Perry Como wasn’t wrong when he sang those iconic Stillman lyrics. “There’s no place like home for the holidays.” Really. And whether it’s your biological family, your chosen family or your new partner, home (for the holidays) carries a weighty pressure that perfectly encompasses Dialectical Behavioral Therapy’s (DBT) core dialectic of acceptance and change.
(‘What the heck is a dialectic?’ you may ask. Head here for a deeper dive into this term.)
As much as I love my family, and I really, truly do, there’s an unshakeable reversion to childhood patterns that the holiday season, and subsequent return home, can provoke in us all. (Adding another escalating ingredient to the mix is COVID-19.) I’ll spare my family the indignity of revealing too much about our interpersonal dynamics on the internet. However, I will say that we all come home for the holidays carrying our own baggage — both literally and figuratively. This can be baggage that’s been simmering for a few days, months, or years. Sometimes it’s baggage that’s entirely irrelevant to the individuals sitting around that open fire roasting chestnuts — I’ve literally never roasted chestnut, and I simply couldn’t begin to tell you how to do that. Other times, it’s baggage that has absolutely everything to do with a very particular scenario, involving a very specific individual, who’s watching that ball drop beside you on New Year’s Eve.
And, it’s at this moment that DBT’s core dialectic comes into play. Accept? Change? Sometimes, we accept. For those who are considering this course of action, because yes, acceptance is a choice, I recommend reviewing some of DBT’s Distress Tolerance Skills. In other circumstances, perhaps when we’re looking to obtain a specific goal or objective, we pursue change.

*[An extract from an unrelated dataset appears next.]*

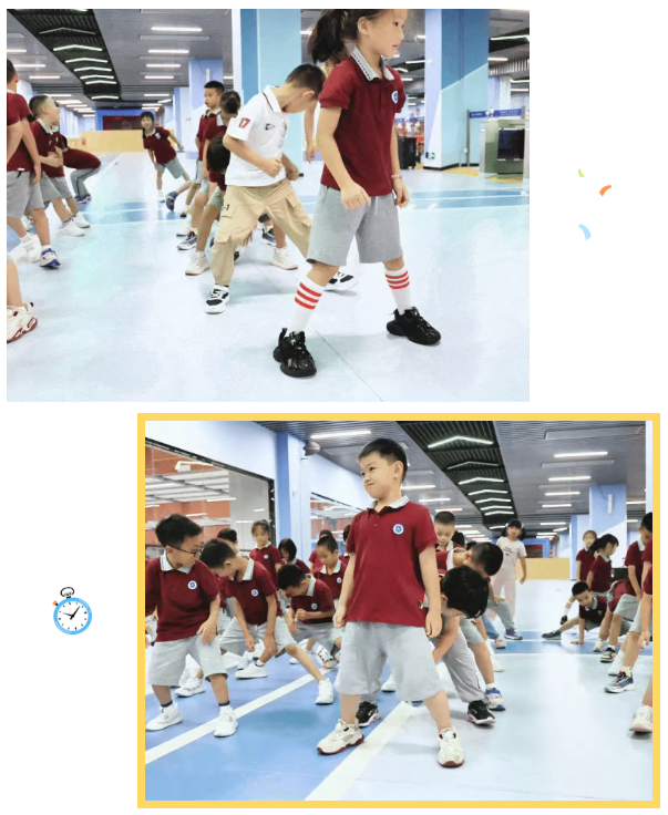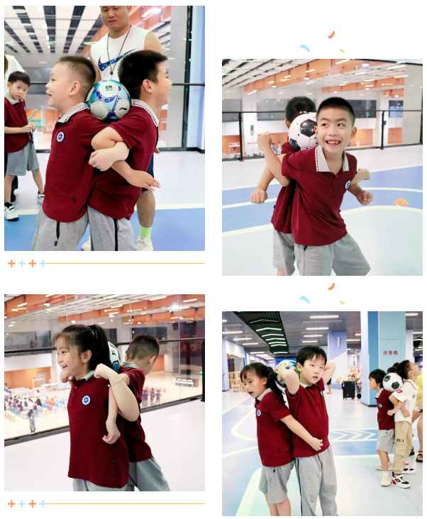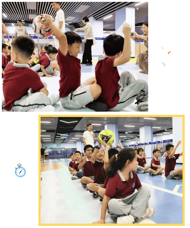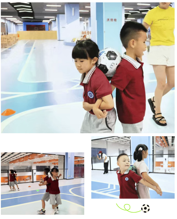 “一二一!”两人一组,背靠背夹着球,像小螃蟹横着走。“要掉了要掉了!”穿黄衣的女孩惊呼。搭档立刻放慢脚步:“慢点,我数拍子。”他们小心翼翼移动步子,其他组员在场边拍手:“加油!就快到啦!”每成功一组,身边的小伙伴都为他们热烈地鼓掌。

This holiday season, if you have a specific goal or objective, once you’ve clarified your priorities, consider DEAR MAN. This is one of my personal favorite skills in the entire DBT repertoire, as I have found it to be particularly effective for me. Surely, contacting your individual therapist, or diving more deeply into DBT Skills Training at BPS will support this process in greater depth, and, for now, with just a few days before heading ‘home,’ I’ve included a very quick primer on DEAR MAN.
My sample situation? My sister repeatedly takes my clothing from my closet. My objective? Get my sister to stop taking my clothing.
D – Describe the Situation
Ex: I’ve noticed that you have taken a few articles of clothing from my closet without asking me in advance.
E – Express Clearly
Ex: I feel anxious when I can’t find a missing clothing item. I wonder where it has gone, and whether I’d brought it back home in the first place.
A – Assert Wishes
Ex: I would like you to stop taking my clothing.
R – Reinforce
Ex: My hope is that we can figure this out so that we can minimize our bickering during this trip.
(Stay) M – Mindful
This is the part of the conversation where I would emulate a broken record, continuing to express my opinion in spite of any diversions or deviations from my sister.
A – Appear Confident
While I might be nervous to make this ask, using a confident tone of voice and physicality will better support my efforts to obtain my objective.
N – Negotiate
If my ask or refusal appears to be hitting a wall, I must be willing to give to get. For example, if I’m comfortable with this alternative, I might ask my sister to, at the very least, ask me before taking my clothing.